Otto Octavius is perhaps the most frustrating and tragic example, with a mind brilliant enough in Spiderman 2 to advance nuclear-fusion research decades forward; if only he had Peter’s humility when it came to failures.

In Spiderman PS4, Otto’s arms alone would send the world of prosthetics into a meltdown; yet his brief run as a villain hints towards even more remarkable potential.

In one of his lairs, the player can discover evidence of his ability to; among other things: Cure certain forms of Cancer, develop chemical compounds capable of removing fused metal from living people, and massively increase the bio-energy efficiency of Electro. 

All of these are side-focuses for him; deals made for his broader scheme of bringing down Norman Osborn, yet imagine if they were his main focus.

As Peter himself says: “You were everything I wanted to be!” In many ways, Phin Mason was that for Miles Morales.

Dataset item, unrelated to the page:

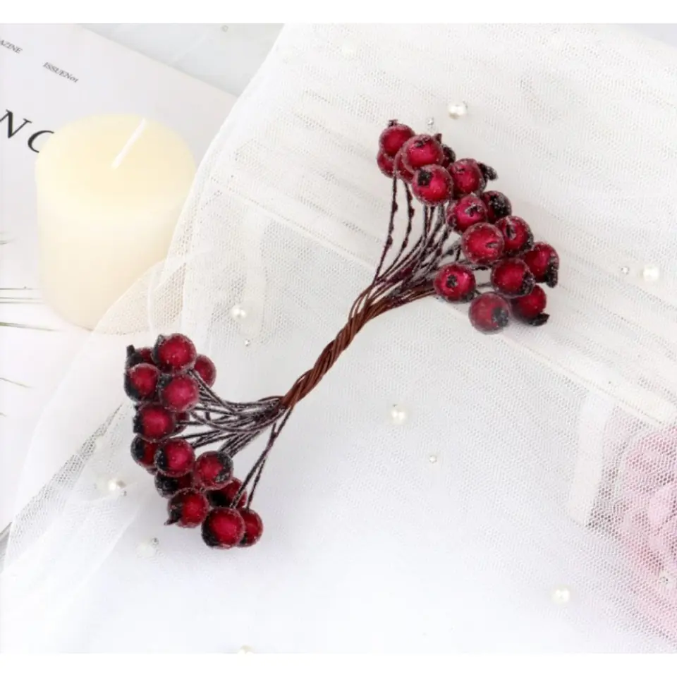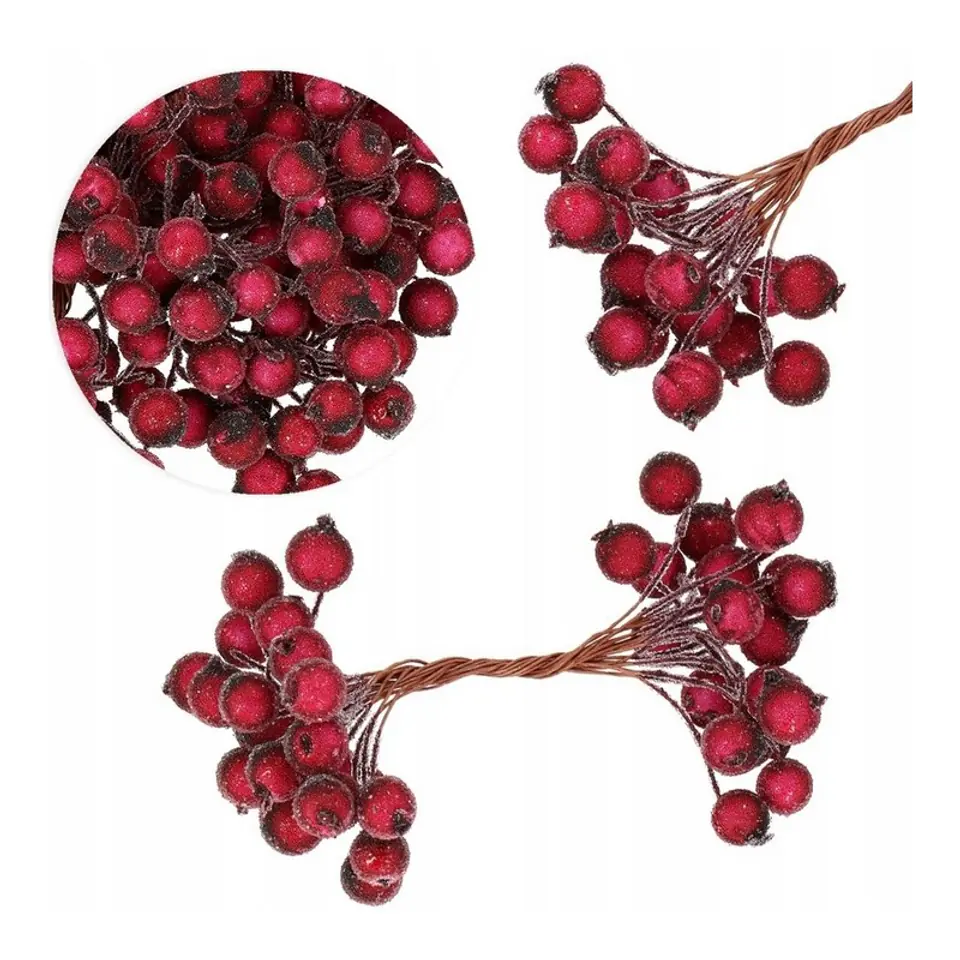 Ozdoba ŚwiątecznaMroźna jarzębina ciemna sztuczna 20szt wiązka GLZ02 Materiał:Produkt wykonany z tworzywa sztucznego. Wymiary:Wysokość gałązki: 15cmŚrednica owoców: 1,2cm Waga: 20g netto / 21g brutto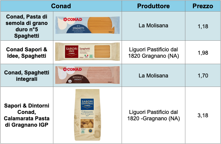 Tutta la pasta della linea principale è prodotta da La Molisana. La pasta della linea premium Sapori&Idee è prodotta dall’azienda Liguori di Gragnano. I formati regionali, a marchio Igp, della linea Sapori&Dintorni, sono invece sfornati da pastifici attivi in diverse regioni di Italia: il barese Gruppo Milo per orecchiette e cavatelli, Liguori per paccheri e calamarata di Gragnano, Aldino S.r.l. (Sondrio) per i pizzoccheri della Valtellina. I prezzi vanno da 1,18 a 3,18 €/kg. È da notare che i formati di pasta ‘standard’ a marchio La Molisana, nel sito della catena costano 2,68 €/kg, anche in questo caso, più del doppio della linea principale a marchio Conad.

A gifted engineer and scientist with a strong social conscience, crippled by their ego and rage for a doomed moral crusade.

 

The Hero Mindset

The defining aspect of their hero mindset is what makes a superhero.

It is seeing past what people can become or be twisted into, to remember and fight for the best of them.

Their empathy doesn’t always stop them and often costs them blood, sweat, and tears in the process, yet they never give up.

Rio Morales may have given strong words of wisdom to her son.

Ultimately, however, she was preaching to the choir: Miles Morales and Peter Parker embody a non-judgmental mindset of remembrance and perseverance and likely always will.

That’s why they are heroes.

That’s what makes a superhero.

That’s why they are Spiderman.

Miles Morales Game PS5

If you’ve not played the brand new Spider-Man Miles Morales PS5 game then I highly recommend you do so!

Now you know what truly makes a superhero!